I’ve been chasing the holy grail of an effective Claude Code workflow (that does all the boring stuff automatically) for over 6 months. I’ve tried various approaches, and this is something I’ve been experimenting with on real projects over the past week.

So I cannot say it’s reliable and I cannot 100% recommend it. However, my initial feeling is that this has a lot of potential. It’s not hard to implement, and you can implement mostly in full code that is 100% tested.

The key thing with this approach, is that every time Claude doesn’t behave how you want it to, you can implement new logic in your workflow to prevent bad behaviours or to enforce certain guardrails or inject content at the right moment to remind the agent how to do its job.
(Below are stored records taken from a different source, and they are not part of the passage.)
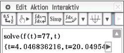 gilt. Mithilfe des solve-Befehls des CAS ergeben sich folgende Lösungen:
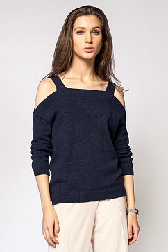 Джемпер с открытыми плечами выполнен из вязаного трикотажа с добавлением нити люрекса. Модель свободного силуэта со спущенным рукавом позволит создать комфортный и трендовый образ.
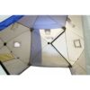 Также палатка оснащена двумя внутренними юбками с системой крепления пола, которая полностью исключает проникновение холодного воздуха внутрь палатки, что очень важно для рыбалки при сильном ветре и низкой температуре.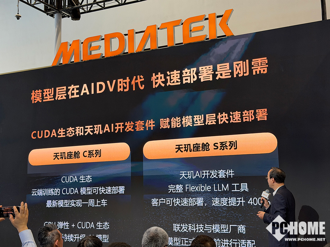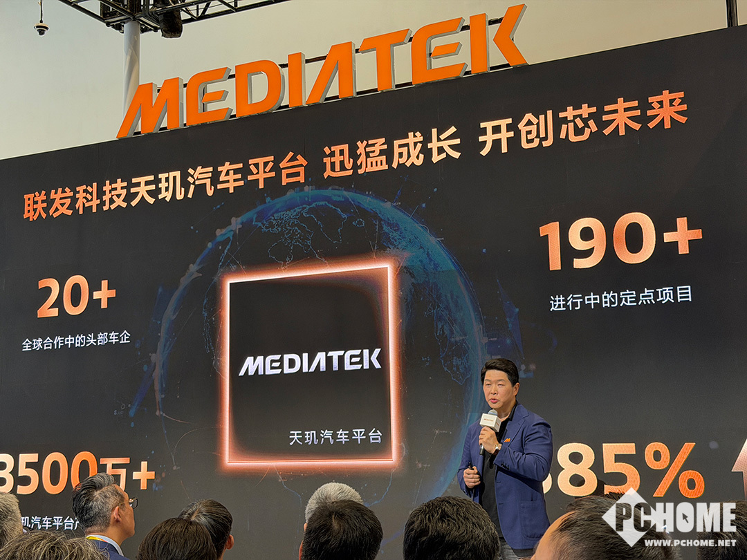 PChome北京车展报道,4月24日媒体日第一天,MediaTek在第十九届北京国际汽车展览会期间举办媒体沟通会,现场介绍了天玑汽车平台的最新业务进展,并发布了主动式智能体座舱解决方案,率先助推汽车行业迈入“AI定义汽车”(AIDV)新时代。会上,MediaTek携手生态伙伴,基于天玑汽车平台,集中展示了主动式智能体座舱、车载3A娱乐以及前沿车载联接等一系列解决方案,依托强大的AI算力、先进的AI加速技术、高效的图形渲染能力与领先的车载通信技术,加速推动智能出行体验的创新与升级。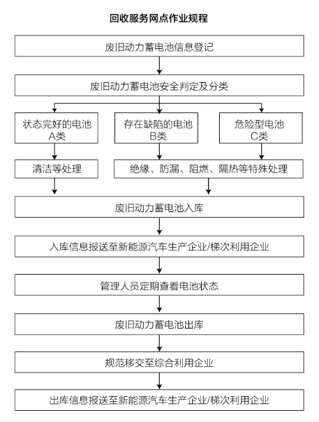 指南中規定了回收服務網點只負責收集、分類、貯存及包裝廢舊動力蓄電池,不得擅自對收集的廢舊動力蓄電池進行安全檢查外的拆解處理。廢舊動力蓄電池應規范移交至綜合利用企業進行梯次利用或再生利用。可以預見,未來多數動力電池回收網點都會是車企與梯次利用企業共建共用的。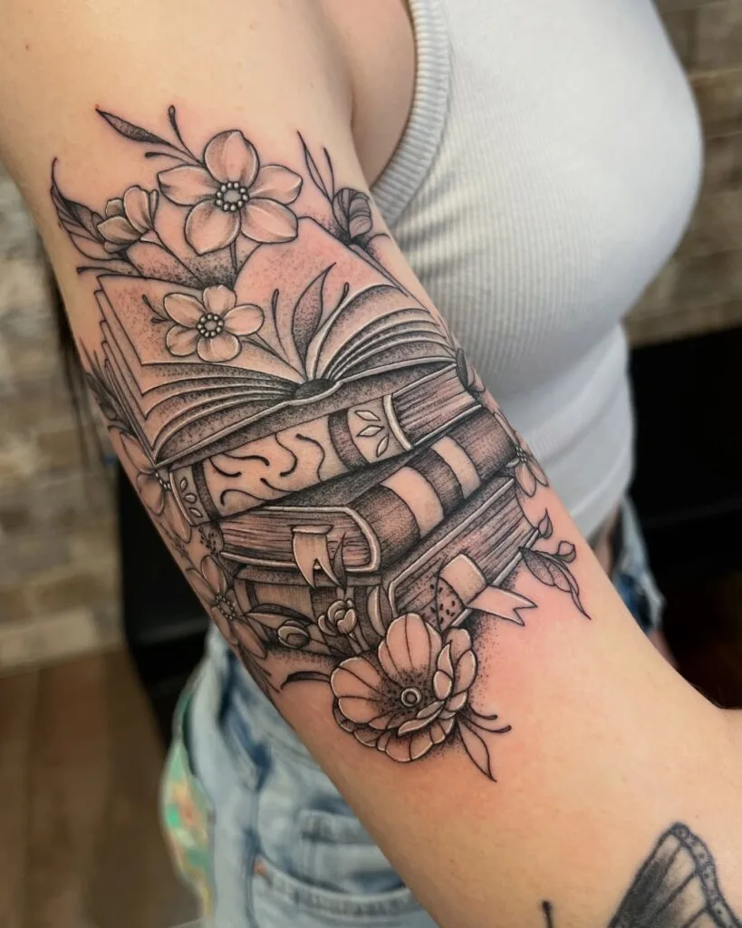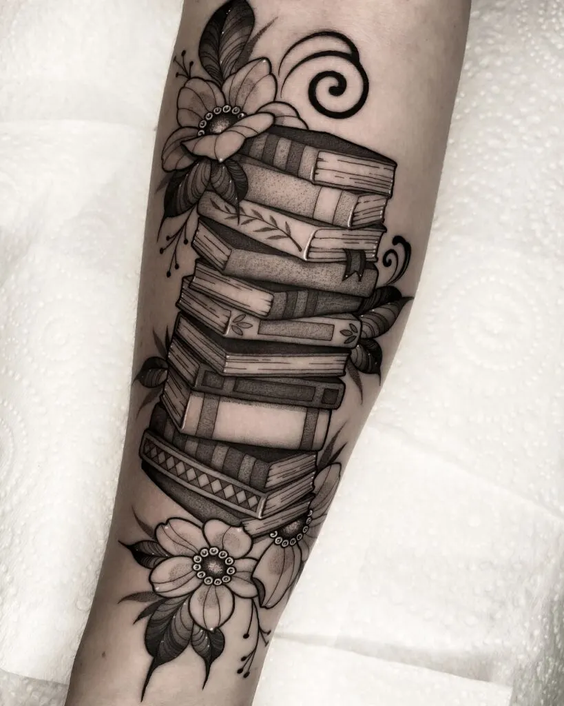 This dramatic tattoo features a towering stack of books wrapped in bold, ornamental flowers and swirling decorative lines. The shading is rich and dark, creating depth and contrast that make the books and petals pop.

So far, I have not hit a limitation that cannot be solved. There have been lots of issues, but each time, I’ve been able to update the workflow and get Claude to behave how I want it to on the next run. But the problem is, it’s a bit low level and hacky at times.

There are other approaches though. If you are happy with less autonomy, you can simply create Claude Code slash commands for each action and manually invoke them yourself. Or you can just describe the process in a markdown file and hope Claude Code follows it (spoiler: it goes off track a lot and it drives you mad).